2. Lending Club Dataset
Lending Club is a US-based peer-to-peer lending company. The loans dataset contains 11,312 randomly-selected people who were applied for and later received loans from Lending Club.
library(tidyverse)
# data url
url <- "https://assets.datacamp.com/production/repositories/718/datasets/7805fceacfb205470c0e8800d4ffc37c6944b30c/loans.csv"
# data import & transformation
loans <- read_csv(url) %>%
mutate_if(is_character, as.factor) %>%
mutate(outcome = as.factor(default),
outcome = factor(outcome,
levels = c(0,1),
labels = c("repaid", "default"))) %>%
select(-default, -keep, -rand)
# data overview
glimpse(loans)
## Observations: 39,732
## Variables: 14
## $ loan_amount <fct> LOW, LOW, LOW, MEDIUM, LOW, LOW, MEDIUM, LO...
## $ emp_length <fct> 10+ years, < 2 years, 10+ years, 10+ years,...
## $ home_ownership <fct> RENT, RENT, RENT, RENT, RENT, RENT, RENT, R...
## $ income <fct> LOW, LOW, LOW, MEDIUM, HIGH, LOW, MEDIUM, M...
## $ loan_purpose <fct> credit_card, car, small_business, other, ot...
## $ debt_to_income <fct> HIGH, LOW, AVERAGE, HIGH, AVERAGE, AVERAGE,...
## $ credit_score <fct> AVERAGE, AVERAGE, AVERAGE, AVERAGE, AVERAGE...
## $ recent_inquiry <fct> YES, YES, YES, YES, NO, YES, YES, YES, YES,...
## $ delinquent <fct> NEVER, NEVER, NEVER, MORE THAN 2 YEARS AGO,...
## $ credit_accounts <fct> FEW, FEW, FEW, AVERAGE, MANY, AVERAGE, AVER...
## $ bad_public_record <fct> NO, NO, NO, NO, NO, NO, NO, NO, NO, NO, NO,...
## $ credit_utilization <fct> HIGH, LOW, HIGH, LOW, MEDIUM, MEDIUM, HIGH,...
## $ past_bankrupt <fct> NO, NO, NO, NO, NO, NO, NO, NO, NO, NO, NO,...
## $ outcome <fct> repaid, default, repaid, repaid, repaid, re...
3. UpSampling & DownSampling
##
## repaid default
## 34078 5654
In classification problems, as you can see graph above, a disparity in the frequencies of the observed classes can have a significant negative impact on model fitting. One technique for resolving such a class imbalance is to subsample the training data in a manner that mitigates the issues. Examples of sampling methods for this purpose are:
down-sampling: randomly subset all the classes in the training set so that their class frequencies match the least prevalent class. For example, suppose that 80% of the training set samples are the first class and the remaining 20% are in the second class. Down-sampling would randomly sample the first class to be the same size as the second class (so that only 40% of the total training set is used to fit the model). caret contains a function (downSample) to do this.
up-sampling: randomly sample (with replacement) the minority class to be the same size as the majority class. caret contains a function (upSample) to do this.
hybrid methods: techniques such as SMOTE and ROSE down-sample the majority class and synthesize new data points in the minority class. There are two packages (DMwR and ROSE) that implement these procedures.

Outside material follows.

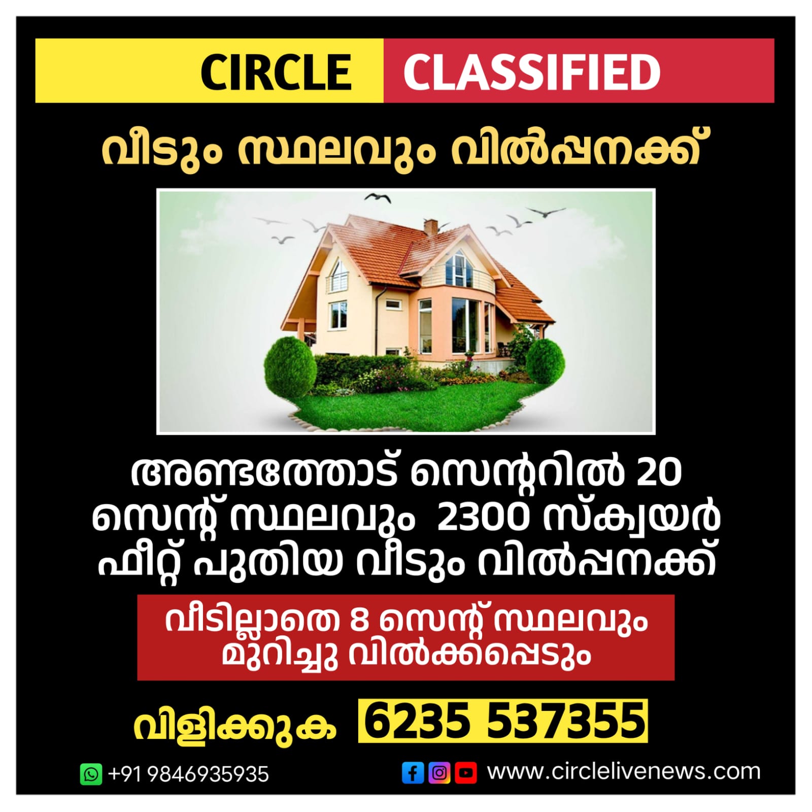 FEATURED അണ്ടത്തോട് സെന്ററിൽ 20 സെന്റ് സ്ഥലവും 2300 സ്ക്വയർ ഫീറ്റ് പുതിയ വീടും വിൽപ്പനക്ക് By circlelivenews February 22, 2026 - 10:33 AM 0 0 Share FacebookTwitterPinterestWhatsApp വീടില്ലാതെ 8 സെൻ്റ് സ്ഥലവും മുറിച്ചു വിൽക്കപ്പെടും ഉടൻ വിളിക്കുക6235 537355 Tagsചാവക്കാട്തൃശൂർ Share FacebookTwitterPinterestWhatsApp Previous articleഫിസിയോതെറാപ്പി ഇനി നിങ്ങളുടെ വീട്ടിൽ വന്നു ചെയ്തു തരുന്നു circlelivenewshttp://Circlelivenews.com RELATED ARTICLES FEATURED ഫിസിയോതെറാപ്പി ഇനി നിങ്ങളുടെ വീട്ടിൽ വന്നു ചെയ്തു തരുന്നു February 20, 2026 - 3:10 PM FEATURED പുന്നയൂർക്കുളം പനന്തറയിൽ വിദ്യാർഥിനി തൂങ്ങിമരിച്ച നിലയിൽ February 18, 2026 - 10:33 AM FEATURED കുറഞ്ഞ ചിലവിൽ നിങ്ങളുടെ സ്വപ്ന യാത്രകൾ ഞങ്ങളുടെ കൂടെ …! February 18, 2026 - 10:31 AM - Advertisment - Most Popular ഫിസിയോതെറാപ്പി ഇനി നിങ്ങളുടെ വീട്ടിൽ വന്നു ചെയ്തു തരുന്നു February 20, 2026 - 3:10 PM പുന്നയൂർക്കുളം പനന്തറയിൽ വിദ്യാർഥിനി തൂങ്ങിമരിച്ച നിലയിൽ February 18, 2026 - 10:33 AM കുറഞ്ഞ ചിലവിൽ നിങ്ങളുടെ സ്വപ്ന യാത്രകൾ ഞങ്ങളുടെ കൂടെ …! February 18, 2026 - 10:31 AM വീട്ടുചെലവിന് പണം നൽകാത്തത് ചോദ്യംചെയ്തു; ഇരുന്ന കസേരയോടെ മകൻ വലിച്ചെറിഞ്ഞ അമ്മ മരിച്ചു February 18, 2026 - 8:12 AM Load more Recent Comments

## Loading required package: lattice
##
## Attaching package: 'caret'
## The following object is masked from 'package:purrr':
##
## lift
loans <- downSample(x = loans %>% dplyr::select(-outcome),
y = loans$outcome,
yname = "outcome")
table(loans$outcome)
##
## repaid default
## 5654 5654
4. Building a simple decision tree
(1) Modeling Building
You will use a decision tree to try to learn patterns in the outcome of these loans (either repaid or default) based on the requested loan amount and credit score at the time of application.
Then, see how the tree’s predictions differ for an applicant with good credit versus one with bad credit.
# Load the rpart package
library(rpart)
# modeling building
loan_model <- rpart(outcome ~ loan_amount + credit_score, data = loans, method = "class", control = rpart.control(cp = 0))
# model overview
summary(loan_model)
## Call:
## rpart(formula = outcome ~ loan_amount + credit_score, data = loans,
## method = "class", control = rpart.control(cp = 0))
## n= 11308
##
## CP nsplit rel error xerror xstd
## 1 0.10771135 0 1.0000000 1.0231694 0.009401356
## 2 0.01317651 1 0.8922886 0.8922886 0.009349171
## 3 0.00000000 3 0.8659356 0.8659356 0.009318988
##
## Variable importance
## credit_score loan_amount
## 89 11
##
## Node number 1: 11308 observations, complexity param=0.1077114
## predicted class=repaid expected loss=0.5 P(node) =1
## class counts: 5654 5654
## probabilities: 0.500 0.500
## left son=2 (1811 obs) right son=3 (9497 obs)
## Primary splits:
## credit_score splits as RLR, improve=121.92300, (0 missing)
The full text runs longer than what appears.